In [1]:
# Heroes Of Pymoli Data Analysis
# 183 unique optional items were purchased by our group of players 780 times in total. With an average price of $3.05 per item, $2379.77 has successfully been generated as our revenue. 
# Majority of our paying users are males. 652 out of 780 of purchases were made by this group.
# Our peak age demographic falls between 20-24 (63.37%) with secondary groups falling between 15-19 (23.61%) and 25-29 (17.53%).
# Our most popular and profitable item is Despair, Favor of Due Diligence, which has been purchased for 12 times. With its $4.6/ item price tag, we’ve a revenue of $50.76 from this top seller.


In [2]:
# Dependencies and Setup
import pandas as pd
import numpy as np

# Raw data file
file_to_load = "Resources/purchase_data.csv"

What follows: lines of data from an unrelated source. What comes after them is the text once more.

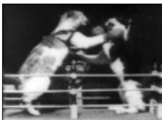
Streitlustige Kamikatzes praktizieren den Boxkampf.

Ka|mi|katz , die: 1) (Depravatus sacrificus) räuberisches Karikatier (→ karikatieren ), animalistiger Großraubkater 2) ugs. sinnlose Selbstaufopferung, Vergebleiche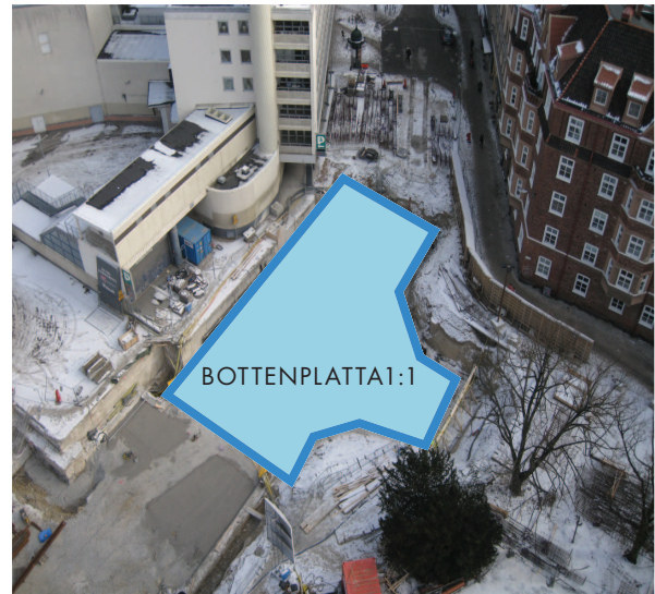
Ca sju meter under gatukorsningen korsningen ligger bottenplatta 1:1 som ska gjas.

En pumpbil kommer att stå i grinden på arbetsområdet och en pumpbil intill det gröna byggplanket. Från pumparna pumpas betong via två stycken armar med långa slangar ner i de brunnshål som har gjorts i gatan för det här ändamålet (de orangefärgade ringarna på bilden nedan till höger). Ungefär 310 kubikmeter betong förs via slangarna genom brunnshålen och ner till manskapet som arbetar med gjutningen därunder.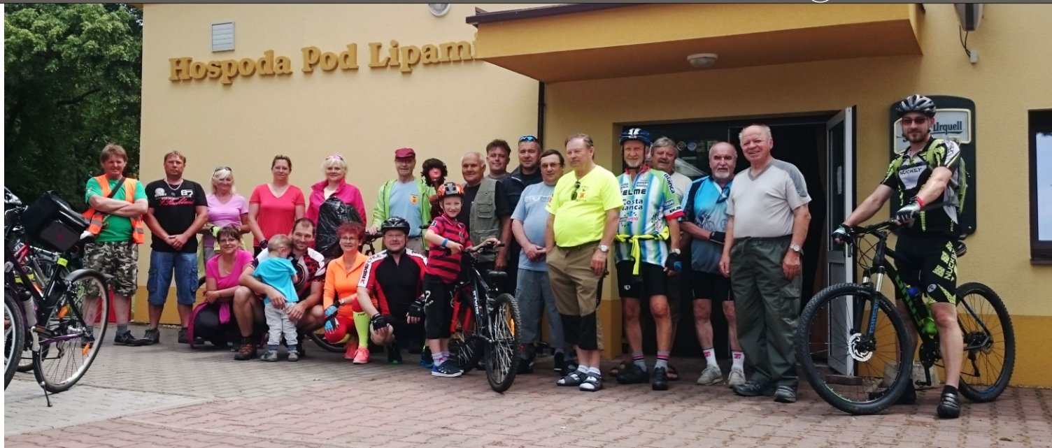
4.6 2017 Tour de Torpedo Kosice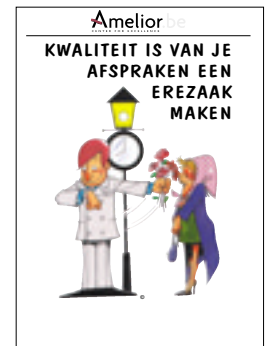
Nr. 30 Kwaliteit is van je afspraken een erezaak maken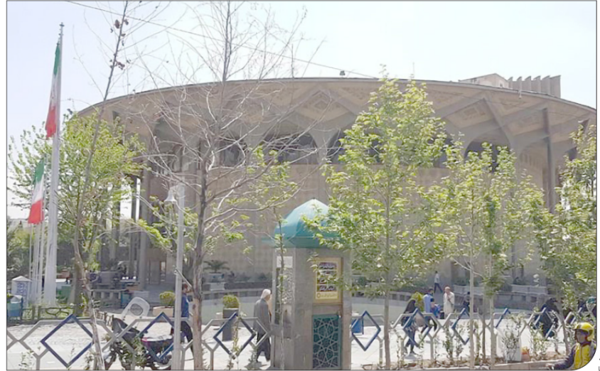
روایت‌هایی از رهگذران و ساکنان دائمی فضای پیرامونی «تئاتر شهر»

# Read purchasing file and store into pandas data frame
purchase_data_pd = pd.read_csv(file_to_load)
purchase_data_pd.head(5)

Unnamed: 0,Purchase ID,SN,Age,Gender,Item ID,Item Name,Price
0,0,Lisim78,20,Male,108,"Extraction, Quickblade Of Trembling Hands",3.53
1,1,Lisovynya38,40,Male,143,Frenzied Scimitar,1.56
2,2,Ithergue48,24,Male,92,Final Critic,4.88
3,3,Chamassasya86,24,Male,100,Blindscythe,3.27
4,4,Iskosia90,23,Male,131,Fury,1.44


In [3]:
# Display the total number of players
purchase_data_pd.columns

Index(['Purchase ID', 'SN', 'Age', 'Gender', 'Item ID', 'Item Name', 'Price'], dtype='object')

In [4]:
# Display the total number of players
total_players = [{"Total Players": len(purchase_data_pd ["SN"].unique())}]
total_players_df = pd.DataFrame(total_players)
total_players_df

Unnamed: 0,Total Players
0,576


In [5]:
# Double-check on data types 
purchase_data_pd.dtypes

Purchase ID      int64
SN              object
Age              int64
Gender          object
Item ID          int64
Item Name       object
Price          float64
dtype: object

In [6]:
# Purchasing Analysis (Total)
# Run basic calculations to obtain number of unique items, average price, etc.
unique_item = len(purchase_data_pd["Item ID"].unique())
average_price = round(purchase_data_pd["Price"].mean(), 2)
num_of_purchase = len(purchase_data_pd["Purchase ID"].unique())
total_revenue = round(purchase_data_pd["Price"].sum(), 2)

In [7]:
# Create summary data frame to hold results
summary_df = pd.DataFrame({"Number of Unique Items": [unique_item], 
                                   "Average Price": "$ " + str(average_price), 
                                   "Number of Purchases": [num_of_purchase], 
                                   "Total Revenue": "$ " + str(total_revenue)})
summary_df

Unnamed: 0,Number of Unique Items,Average Price,Number of Purchases,Total Revenue
0,183,$ 3.05,780,$ 2379.77


In [8]:
# Gender Demographics
# Run basic calculations to obtain percentage of players and total count
gender_demographics_totals = purchase_data_pd["Gender"].value_counts()
gender_demographics_percent = round((gender_demographics_totals / len(purchase_data_pd ["SN"].unique())) * 100, 2)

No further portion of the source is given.